“Effective leadership is not about making speeches or being liked; leadership is defined by results, not attributes.” — Peter Drucker
The last post addressed the system tangibles of reviewing performance, the key metrics that provide an unvarnished quantification of the health of your organization. The metrics are the facts, but there is one last question that must be answered: how do you interpret them?
Performance is all about context, and the context is embodied in the plan to achieve your stated goals. Plans, and planning, can take on a life of their own, which we can’t recommend (see the post on PDCA). Plans reflect your commitment to make outcomes happen intentionally, as opposed to just being carried along with the drift.

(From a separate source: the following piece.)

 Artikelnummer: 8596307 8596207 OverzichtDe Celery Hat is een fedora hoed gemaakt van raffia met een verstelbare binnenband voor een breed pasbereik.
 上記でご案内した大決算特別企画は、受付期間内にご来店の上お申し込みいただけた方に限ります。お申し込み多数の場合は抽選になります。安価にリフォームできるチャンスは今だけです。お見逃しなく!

Comparing results to goals should be easy, whether you’re doing it at the enterprise level or any slice of it. Doing it graphically makes it easiest of all. Obviously, this is just an example… pick your own key metrics.
In a glance, you can see where you’re performing against plan. And rather than have the exercise degenerate into show-and-tell (“Look, mom/dad!! What a good job I did!!”), the facts speak for themselves. Commentary doesn’t improve the metrics. A failed objective with a good explanation is not as good as meeting – or beating – your goals.

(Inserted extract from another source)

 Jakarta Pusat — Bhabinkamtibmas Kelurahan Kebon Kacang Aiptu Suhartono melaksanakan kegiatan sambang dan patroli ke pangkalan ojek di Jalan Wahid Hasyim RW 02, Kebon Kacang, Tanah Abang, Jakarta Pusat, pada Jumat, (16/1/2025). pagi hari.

So how do you interpret these facts? And what do you do about it?
If you’re on or ahead of plan, STOP TALKING. The leader is making it happen… let her get back to work.
If you’re way ahead of plan, consider raising the bar. It might be time to set a stretch goal that can become a vivid example of what’s possible.
If you’re below plan, your spider diagram is to be followed by a Corrective Action Plan. This plan is very lean:
It’s tempting to spend time critiquing performance, but sticking to this framework keeps everyone focused on actual results and less on commentary. We’re all inclined to think about how to make things better. Empower the front line to make a zillion fast improvements while the leadership sets sights on bigger (aka strategic) efforts, or anything needing more than a small team to accomplish.
Your business unit or organization doesn’t exist in a vacuum but in a competitive ecosystem. Evaluating performance includes seeing how you’re doing against the competition. For public companies (of which there are fewer every year), this is relatively easy. For all others it can be more challenging but there are always sources of information. But don’t become obsessed with competitors, taking the example of Netscape. Former managers there said they would have been better served by paying more attention to what their top customers wanted than fretting over what Microsoft was planning with Internet Explorer.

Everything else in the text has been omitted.